--- WHAT THE TASK REQUIRES ---
Whenever an image turns up, omit it and return the remaining data exactly.

--- EXERCISE INPUTS ---

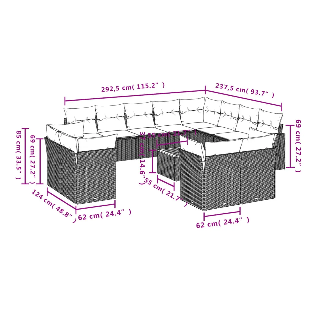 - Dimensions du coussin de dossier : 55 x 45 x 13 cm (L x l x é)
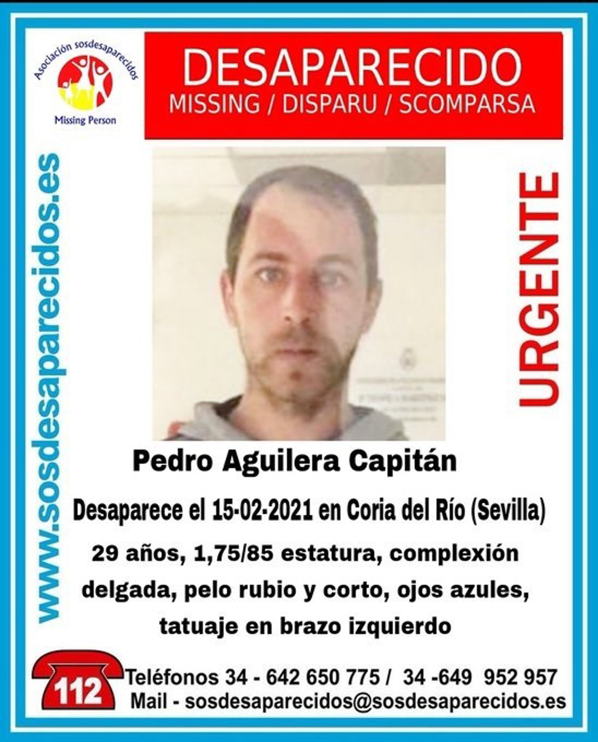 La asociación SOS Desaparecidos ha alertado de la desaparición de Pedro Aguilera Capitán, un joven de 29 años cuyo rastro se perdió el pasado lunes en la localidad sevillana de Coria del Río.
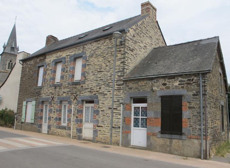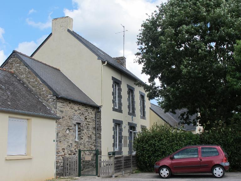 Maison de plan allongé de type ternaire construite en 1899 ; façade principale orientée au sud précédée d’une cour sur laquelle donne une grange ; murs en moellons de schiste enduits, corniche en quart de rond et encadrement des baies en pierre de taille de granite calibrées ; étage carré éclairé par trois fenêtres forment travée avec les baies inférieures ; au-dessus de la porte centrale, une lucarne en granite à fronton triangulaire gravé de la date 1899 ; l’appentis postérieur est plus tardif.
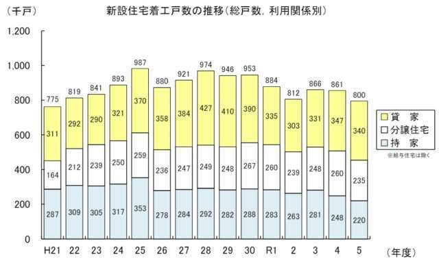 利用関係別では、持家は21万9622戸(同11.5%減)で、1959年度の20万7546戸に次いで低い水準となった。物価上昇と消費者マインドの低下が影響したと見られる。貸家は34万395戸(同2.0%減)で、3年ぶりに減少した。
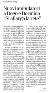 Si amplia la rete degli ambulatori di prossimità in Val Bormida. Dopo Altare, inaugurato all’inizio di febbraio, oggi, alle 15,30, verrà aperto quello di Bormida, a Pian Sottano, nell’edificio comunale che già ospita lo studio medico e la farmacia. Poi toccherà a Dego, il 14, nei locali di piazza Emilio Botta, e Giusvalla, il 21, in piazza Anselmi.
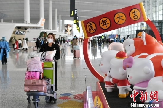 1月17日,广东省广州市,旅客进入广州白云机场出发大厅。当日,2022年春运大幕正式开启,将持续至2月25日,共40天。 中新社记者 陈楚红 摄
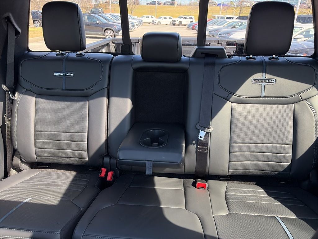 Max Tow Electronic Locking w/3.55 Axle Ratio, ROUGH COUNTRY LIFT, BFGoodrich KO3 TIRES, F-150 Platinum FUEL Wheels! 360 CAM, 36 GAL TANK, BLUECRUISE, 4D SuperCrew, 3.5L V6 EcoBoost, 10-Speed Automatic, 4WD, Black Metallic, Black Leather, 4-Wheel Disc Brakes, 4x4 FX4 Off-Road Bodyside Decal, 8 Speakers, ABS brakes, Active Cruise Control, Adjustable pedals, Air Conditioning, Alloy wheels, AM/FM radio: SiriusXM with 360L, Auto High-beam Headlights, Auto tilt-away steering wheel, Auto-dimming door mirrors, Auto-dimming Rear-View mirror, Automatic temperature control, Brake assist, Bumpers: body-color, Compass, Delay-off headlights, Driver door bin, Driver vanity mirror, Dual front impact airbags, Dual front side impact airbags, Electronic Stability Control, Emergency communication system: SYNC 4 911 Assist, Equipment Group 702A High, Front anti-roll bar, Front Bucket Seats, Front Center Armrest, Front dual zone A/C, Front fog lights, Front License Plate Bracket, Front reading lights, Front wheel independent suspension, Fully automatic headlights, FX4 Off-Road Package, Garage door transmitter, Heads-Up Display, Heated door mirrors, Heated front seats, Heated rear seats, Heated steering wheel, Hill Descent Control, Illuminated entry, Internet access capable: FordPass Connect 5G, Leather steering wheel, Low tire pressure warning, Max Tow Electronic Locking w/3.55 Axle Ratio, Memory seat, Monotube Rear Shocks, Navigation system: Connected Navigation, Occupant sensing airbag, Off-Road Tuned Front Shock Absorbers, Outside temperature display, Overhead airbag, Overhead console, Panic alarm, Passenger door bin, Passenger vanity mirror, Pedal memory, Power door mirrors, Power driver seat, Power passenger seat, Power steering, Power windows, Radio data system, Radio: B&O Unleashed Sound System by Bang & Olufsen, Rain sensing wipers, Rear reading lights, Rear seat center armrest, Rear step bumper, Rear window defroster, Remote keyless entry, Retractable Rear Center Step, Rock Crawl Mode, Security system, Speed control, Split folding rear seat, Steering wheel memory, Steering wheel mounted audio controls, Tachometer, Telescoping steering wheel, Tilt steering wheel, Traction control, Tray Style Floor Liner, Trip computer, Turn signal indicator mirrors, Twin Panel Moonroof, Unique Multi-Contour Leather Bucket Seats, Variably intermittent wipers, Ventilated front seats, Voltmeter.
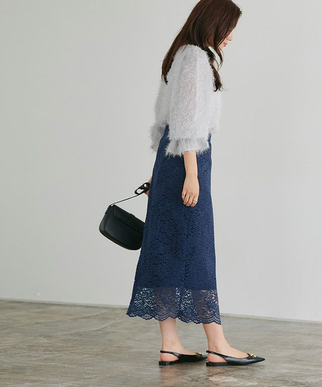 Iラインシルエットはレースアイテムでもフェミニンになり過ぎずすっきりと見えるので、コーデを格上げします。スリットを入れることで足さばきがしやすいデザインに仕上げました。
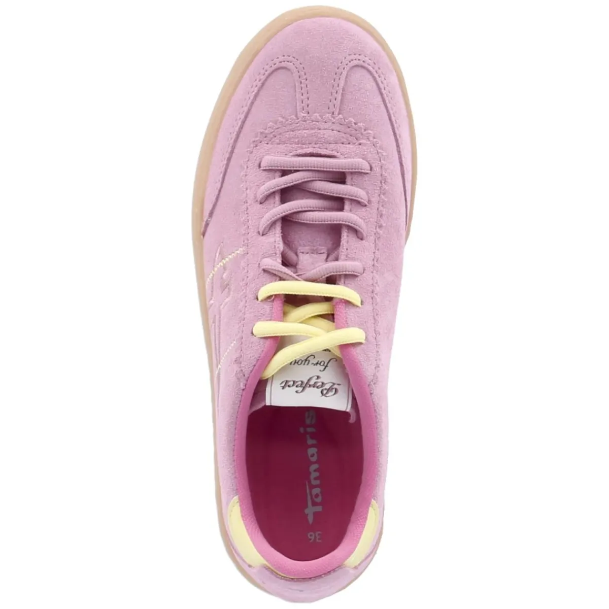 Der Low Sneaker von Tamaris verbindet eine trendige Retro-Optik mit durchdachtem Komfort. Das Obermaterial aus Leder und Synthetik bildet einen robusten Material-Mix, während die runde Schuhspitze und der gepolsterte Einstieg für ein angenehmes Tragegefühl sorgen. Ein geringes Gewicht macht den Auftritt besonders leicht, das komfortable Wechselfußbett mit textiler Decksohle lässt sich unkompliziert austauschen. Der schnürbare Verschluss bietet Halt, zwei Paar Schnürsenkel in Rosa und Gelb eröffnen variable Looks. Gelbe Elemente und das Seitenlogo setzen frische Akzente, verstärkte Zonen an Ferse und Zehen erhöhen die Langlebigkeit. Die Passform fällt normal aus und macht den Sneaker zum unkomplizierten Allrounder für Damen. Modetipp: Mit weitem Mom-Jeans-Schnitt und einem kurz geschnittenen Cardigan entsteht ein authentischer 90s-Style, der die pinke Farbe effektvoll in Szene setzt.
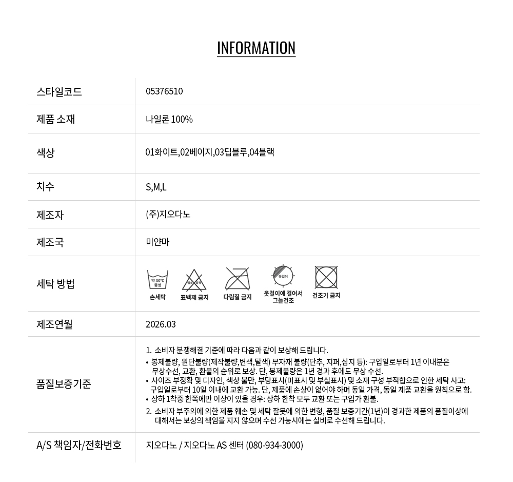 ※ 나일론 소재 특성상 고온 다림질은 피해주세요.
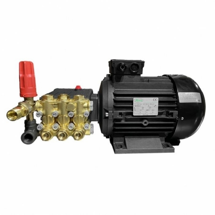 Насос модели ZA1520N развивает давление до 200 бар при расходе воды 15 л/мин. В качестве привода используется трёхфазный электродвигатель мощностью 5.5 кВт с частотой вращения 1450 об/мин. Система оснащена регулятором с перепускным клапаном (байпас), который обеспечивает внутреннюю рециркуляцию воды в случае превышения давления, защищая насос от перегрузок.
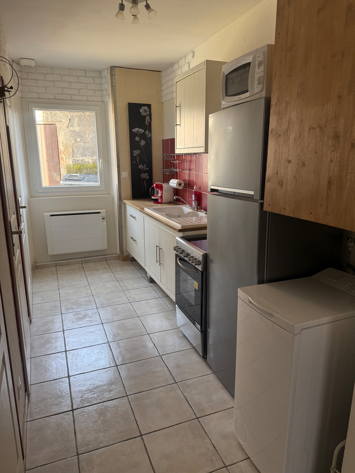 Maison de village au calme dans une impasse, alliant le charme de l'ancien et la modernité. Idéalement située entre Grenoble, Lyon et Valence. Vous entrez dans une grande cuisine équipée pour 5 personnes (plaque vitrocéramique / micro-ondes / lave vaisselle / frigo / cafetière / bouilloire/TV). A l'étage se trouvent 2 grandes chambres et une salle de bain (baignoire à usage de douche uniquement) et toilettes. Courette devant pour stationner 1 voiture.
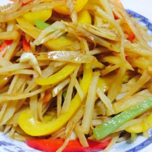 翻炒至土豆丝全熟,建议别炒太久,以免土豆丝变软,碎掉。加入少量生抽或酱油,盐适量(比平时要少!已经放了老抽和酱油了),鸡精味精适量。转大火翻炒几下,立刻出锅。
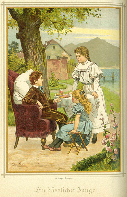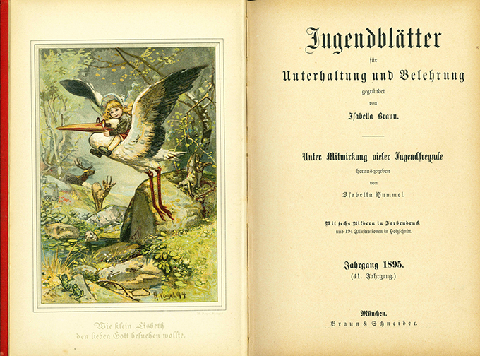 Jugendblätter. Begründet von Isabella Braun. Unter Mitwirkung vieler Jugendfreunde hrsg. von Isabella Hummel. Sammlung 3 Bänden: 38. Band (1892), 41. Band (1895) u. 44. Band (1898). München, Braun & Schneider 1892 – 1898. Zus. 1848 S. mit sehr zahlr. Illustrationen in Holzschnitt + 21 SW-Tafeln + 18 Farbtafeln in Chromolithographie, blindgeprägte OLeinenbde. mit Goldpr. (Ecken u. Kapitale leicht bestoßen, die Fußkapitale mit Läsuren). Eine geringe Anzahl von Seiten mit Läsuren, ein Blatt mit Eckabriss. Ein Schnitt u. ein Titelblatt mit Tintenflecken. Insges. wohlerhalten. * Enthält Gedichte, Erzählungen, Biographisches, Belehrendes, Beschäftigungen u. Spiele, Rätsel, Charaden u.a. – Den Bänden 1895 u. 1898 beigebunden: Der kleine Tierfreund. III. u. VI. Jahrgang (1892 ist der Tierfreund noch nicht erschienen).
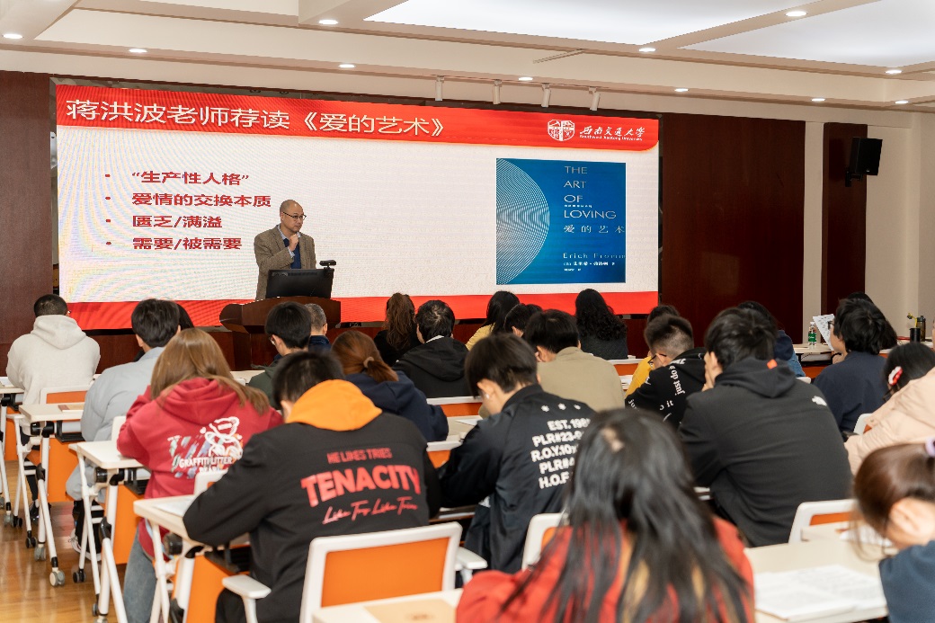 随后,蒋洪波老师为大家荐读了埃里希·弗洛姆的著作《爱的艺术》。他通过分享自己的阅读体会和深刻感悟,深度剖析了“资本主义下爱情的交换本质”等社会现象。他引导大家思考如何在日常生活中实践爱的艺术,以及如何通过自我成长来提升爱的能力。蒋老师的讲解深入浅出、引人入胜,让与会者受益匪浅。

--- RESULT OF THE TASK ---
 - Dimensions du coussin de dossier : 55 x 45 x 13 cm (L x l x é)
 La asociación SOS Desaparecidos ha alertado de la desaparición de Pedro Aguilera Capitán, un joven de 29 años cuyo rastro se perdió el pasado lunes en la localidad sevillana de Coria del Río.
 Maison de plan allongé de type ternaire construite en 1899 ; façade principale orientée au sud précédée d’une cour sur laquelle donne une grange ; murs en moellons de schiste enduits, corniche en quart de rond et encadrement des baies en pierre de taille de granite calibrées ; étage carré éclairé par trois fenêtres forment travée avec les baies inférieures ; au-dessus de la porte centrale, une lucarne en granite à fronton triangulaire gravé de la date 1899 ; l’appentis postérieur est plus tardif.
 利用関係別では、持家は21万9622戸(同11.5%減)で、1959年度の20万7546戸に次いで低い水準となった。物価上昇と消費者マインドの低下が影響したと見られる。貸家は34万395戸(同2.0%減)で、3年ぶりに減少した。
 Si amplia la rete degli ambulatori di prossimità in Val Bormida. Dopo Altare, inaugurato all’inizio di febbraio, oggi, alle 15,30, verrà aperto quello di Bormida, a Pian Sottano, nell’edificio comunale che già ospita lo studio medico e la farmacia. Poi toccherà a Dego, il 14, nei locali di piazza Emilio Botta, e Giusvalla, il 21, in piazza Anselmi.
 1月17日,广东省广州市,旅客进入广州白云机场出发大厅。当日,2022年春运大幕正式开启,将持续至2月25日,共40天。 中新社记者 陈楚红 摄
 Max Tow Electronic Locking w/3.55 Axle Ratio, ROUGH COUNTRY LIFT, BFGoodrich KO3 TIRES, F-150 Platinum FUEL Wheels! 360 CAM, 36 GAL TANK, BLUECRUISE, 4D SuperCrew, 3.5L V6 EcoBoost, 10-Speed Automatic, 4WD, Black Metallic, Black Leather, 4-Wheel Disc Brakes, 4x4 FX4 Off-Road Bodyside Decal, 8 Speakers, ABS brakes, Active Cruise Control, Adjustable pedals, Air Conditioning, Alloy wheels, AM/FM radio: SiriusXM with 360L, Auto High-beam Headlights, Auto tilt-away steering wheel, Auto-dimming door mirrors, Auto-dimming Rear-View mirror, Automatic temperature control, Brake assist, Bumpers: body-color, Compass, Delay-off headlights, Driver door bin, Driver vanity mirror, Dual front impact airbags, Dual front side impact airbags, Electronic Stability Control, Emergency communication system: SYNC 4 911 Assist, Equipment Group 702A High, Front anti-roll bar, Front Bucket Seats, Front Center Armrest, Front dual zone A/C, Front fog lights, Front License Plate Bracket, Front reading lights, Front wheel independent suspension, Fully automatic headlights, FX4 Off-Road Package, Garage door transmitter, Heads-Up Display, Heated door mirrors, Heated front seats, Heated rear seats, Heated steering wheel, Hill Descent Control, Illuminated entry, Internet access capable: FordPass Connect 5G, Leather steering wheel, Low tire pressure warning, Max Tow Electronic Locking w/3.55 Axle Ratio, Memory seat, Monotube Rear Shocks, Navigation system: Connected Navigation, Occupant sensing airbag, Off-Road Tuned Front Shock Absorbers, Outside temperature display, Overhead airbag, Overhead console, Panic alarm, Passenger door bin, Passenger vanity mirror, Pedal memory, Power door mirrors, Power driver seat, Power passenger seat, Power steering, Power windows, Radio data system, Radio: B&O Unleashed Sound System by Bang & Olufsen, Rain sensing wipers, Rear reading lights, Rear seat center armrest, Rear step bumper, Rear window defroster, Remote keyless entry, Retractable Rear Center Step, Rock Crawl Mode, Security system, Speed control, Split folding rear seat, Steering wheel memory, Steering wheel mounted audio controls, Tachometer, Telescoping steering wheel, Tilt steering wheel, Traction control, Tray Style Floor Liner, Trip computer, Turn signal indicator mirrors, Twin Panel Moonroof, Unique Multi-Contour Leather Bucket Seats, Variably intermittent wipers, Ventilated front seats, Voltmeter.
 Iラインシルエットはレースアイテムでもフェミニンになり過ぎずすっきりと見えるので、コーデを格上げします。スリットを入れることで足さばきがしやすいデザインに仕上げました。
 Der Low Sneaker von Tamaris verbindet eine trendige Retro-Optik mit durchdachtem Komfort. Das Obermaterial aus Leder und Synthetik bildet einen robusten Material-Mix, während die runde Schuhspitze und der gepolsterte Einstieg für ein angenehmes Tragegefühl sorgen. Ein geringes Gewicht macht den Auftritt besonders leicht, das komfortable Wechselfußbett mit textiler Decksohle lässt sich unkompliziert austauschen. Der schnürbare Verschluss bietet Halt, zwei Paar Schnürsenkel in Rosa und Gelb eröffnen variable Looks. Gelbe Elemente und das Seitenlogo setzen frische Akzente, verstärkte Zonen an Ferse und Zehen erhöhen die Langlebigkeit. Die Passform fällt normal aus und macht den Sneaker zum unkomplizierten Allrounder für Damen. Modetipp: Mit weitem Mom-Jeans-Schnitt und einem kurz geschnittenen Cardigan entsteht ein authentischer 90s-Style, der die pinke Farbe effektvoll in Szene setzt.
 ※ 나일론 소재 특성상 고온 다림질은 피해주세요.
 Насос модели ZA1520N развивает давление до 200 бар при расходе воды 15 л/мин. В качестве привода используется трёхфазный электродвигатель мощностью 5.5 кВт с частотой вращения 1450 об/мин. Система оснащена регулятором с перепускным клапаном (байпас), который обеспечивает внутреннюю рециркуляцию воды в случае превышения давления, защищая насос от перегрузок.
 Maison de village au calme dans une impasse, alliant le charme de l'ancien et la modernité. Idéalement située entre Grenoble, Lyon et Valence. Vous entrez dans une grande cuisine équipée pour 5 personnes (plaque vitrocéramique / micro-ondes / lave vaisselle / frigo / cafetière / bouilloire/TV). A l'étage se trouvent 2 grandes chambres et une salle de bain (baignoire à usage de douche uniquement) et toilettes. Courette devant pour stationner 1 voiture.
 翻炒至土豆丝全熟,建议别炒太久,以免土豆丝变软,碎掉。加入少量生抽或酱油,盐适量(比平时要少!已经放了老抽和酱油了),鸡精味精适量。转大火翻炒几下,立刻出锅。
 Jugendblätter. Begründet von Isabella Braun. Unter Mitwirkung vieler Jugendfreunde hrsg. von Isabella Hummel. Sammlung 3 Bänden: 38. Band (1892), 41. Band (1895) u. 44. Band (1898). München, Braun & Schneider 1892 – 1898. Zus. 1848 S. mit sehr zahlr. Illustrationen in Holzschnitt + 21 SW-Tafeln + 18 Farbtafeln in Chromolithographie, blindgeprägte OLeinenbde. mit Goldpr. (Ecken u. Kapitale leicht bestoßen, die Fußkapitale mit Läsuren). Eine geringe Anzahl von Seiten mit Läsuren, ein Blatt mit Eckabriss. Ein Schnitt u. ein Titelblatt mit Tintenflecken. Insges. wohlerhalten. * Enthält Gedichte, Erzählungen, Biographisches, Belehrendes, Beschäftigungen u. Spiele, Rätsel, Charaden u.a. – Den Bänden 1895 u. 1898 beigebunden: Der kleine Tierfreund. III. u. VI. Jahrgang (1892 ist der Tierfreund noch nicht erschienen).
 随后,蒋洪波老师为大家荐读了埃里希·弗洛姆的著作《爱的艺术》。他通过分享自己的阅读体会和深刻感悟,深度剖析了“资本主义下爱情的交换本质”等社会现象。他引导大家思考如何在日常生活中实践爱的艺术,以及如何通过自我成长来提升爱的能力。蒋老师的讲解深入浅出、引人入胜,让与会者受益匪浅。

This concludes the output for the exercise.